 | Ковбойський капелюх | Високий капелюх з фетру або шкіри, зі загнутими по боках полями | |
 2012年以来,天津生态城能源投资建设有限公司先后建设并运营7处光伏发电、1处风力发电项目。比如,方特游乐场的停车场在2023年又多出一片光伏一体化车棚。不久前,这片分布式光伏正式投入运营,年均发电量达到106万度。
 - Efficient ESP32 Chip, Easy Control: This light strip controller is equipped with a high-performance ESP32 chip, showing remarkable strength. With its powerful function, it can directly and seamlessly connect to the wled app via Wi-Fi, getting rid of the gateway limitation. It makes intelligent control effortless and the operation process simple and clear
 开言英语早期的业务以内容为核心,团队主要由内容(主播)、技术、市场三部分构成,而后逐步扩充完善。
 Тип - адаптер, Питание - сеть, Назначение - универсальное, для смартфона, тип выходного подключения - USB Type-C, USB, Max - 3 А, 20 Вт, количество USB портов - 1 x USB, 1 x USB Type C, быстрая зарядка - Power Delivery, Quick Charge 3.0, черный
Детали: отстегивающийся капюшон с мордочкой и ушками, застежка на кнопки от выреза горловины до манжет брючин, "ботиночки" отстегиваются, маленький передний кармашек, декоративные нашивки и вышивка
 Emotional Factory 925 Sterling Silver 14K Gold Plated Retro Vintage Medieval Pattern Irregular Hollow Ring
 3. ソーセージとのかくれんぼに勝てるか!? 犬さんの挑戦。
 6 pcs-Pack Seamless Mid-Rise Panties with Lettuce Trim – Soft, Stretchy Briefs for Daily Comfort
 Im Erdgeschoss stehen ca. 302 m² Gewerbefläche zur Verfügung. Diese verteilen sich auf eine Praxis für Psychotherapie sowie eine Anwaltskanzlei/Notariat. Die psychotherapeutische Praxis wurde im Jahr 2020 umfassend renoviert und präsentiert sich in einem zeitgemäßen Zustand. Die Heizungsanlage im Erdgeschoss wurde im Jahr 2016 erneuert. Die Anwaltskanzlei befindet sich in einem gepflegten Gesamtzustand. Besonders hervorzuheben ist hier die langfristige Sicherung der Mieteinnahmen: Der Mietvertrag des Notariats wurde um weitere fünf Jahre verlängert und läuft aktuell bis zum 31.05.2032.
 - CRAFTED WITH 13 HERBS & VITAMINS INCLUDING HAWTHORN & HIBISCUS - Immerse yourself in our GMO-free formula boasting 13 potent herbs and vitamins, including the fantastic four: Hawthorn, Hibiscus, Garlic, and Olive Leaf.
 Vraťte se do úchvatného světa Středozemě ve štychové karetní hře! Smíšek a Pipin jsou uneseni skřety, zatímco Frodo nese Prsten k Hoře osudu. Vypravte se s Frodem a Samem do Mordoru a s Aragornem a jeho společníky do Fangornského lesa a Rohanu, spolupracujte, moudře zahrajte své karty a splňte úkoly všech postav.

----------

Reproduce the records word for word.

 | Ковбойський капелюх | Високий капелюх з фетру або шкіри, зі загнутими по боках полями | |
 2012年以来,天津生态城能源投资建设有限公司先后建设并运营7处光伏发电、1处风力发电项目。比如,方特游乐场的停车场在2023年又多出一片光伏一体化车棚。不久前,这片分布式光伏正式投入运营,年均发电量达到106万度。
 - Efficient ESP32 Chip, Easy Control: This light strip controller is equipped with a high-performance ESP32 chip, showing remarkable strength. With its powerful function, it can directly and seamlessly connect to the wled app via Wi-Fi, getting rid of the gateway limitation. It makes intelligent control effortless and the operation process simple and clear
 开言英语早期的业务以内容为核心,团队主要由内容(主播)、技术、市场三部分构成,而后逐步扩充完善。
 Тип - адаптер, Питание - сеть, Назначение - универсальное, для смартфона, тип выходного подключения - USB Type-C, USB, Max - 3 А, 20 Вт, количество USB портов - 1 x USB, 1 x USB Type C, быстрая зарядка - Power Delivery, Quick Charge 3.0, черный
Детали: отстегивающийся капюшон с мордочкой и ушками, застежка на кнопки от выреза горловины до манжет брючин, "ботиночки" отстегиваются, маленький передний кармашек, декоративные нашивки и вышивка
 Emotional Factory 925 Sterling Silver 14K Gold Plated Retro Vintage Medieval Pattern Irregular Hollow Ring
 3. ソーセージとのかくれんぼに勝てるか!? 犬さんの挑戦。
 6 pcs-Pack Seamless Mid-Rise Panties with Lettuce Trim – Soft, Stretchy Briefs for Daily Comfort
 Im Erdgeschoss stehen ca. 302 m² Gewerbefläche zur Verfügung. Diese verteilen sich auf eine Praxis für Psychotherapie sowie eine Anwaltskanzlei/Notariat. Die psychotherapeutische Praxis wurde im Jahr 2020 umfassend renoviert und präsentiert sich in einem zeitgemäßen Zustand. Die Heizungsanlage im Erdgeschoss wurde im Jahr 2016 erneuert. Die Anwaltskanzlei befindet sich in einem gepflegten Gesamtzustand. Besonders hervorzuheben ist hier die langfristige Sicherung der Mieteinnahmen: Der Mietvertrag des Notariats wurde um weitere fünf Jahre verlängert und läuft aktuell bis zum 31.05.2032.
 - CRAFTED WITH 13 HERBS & VITAMINS INCLUDING HAWTHORN & HIBISCUS - Immerse yourself in our GMO-free formula boasting 13 potent herbs and vitamins, including the fantastic four: Hawthorn, Hibiscus, Garlic, and Olive Leaf.
 Vraťte se do úchvatného světa Středozemě ve štychové karetní hře! Smíšek a Pipin jsou uneseni skřety, zatímco Frodo nese Prsten k Hoře osudu. Vypravte se s Frodem a Samem do Mordoru a s Aragornem a jeho společníky do Fangornského lesa a Rohanu, spolupracujte, moudře zahrajte své karty a splňte úkoly všech postav.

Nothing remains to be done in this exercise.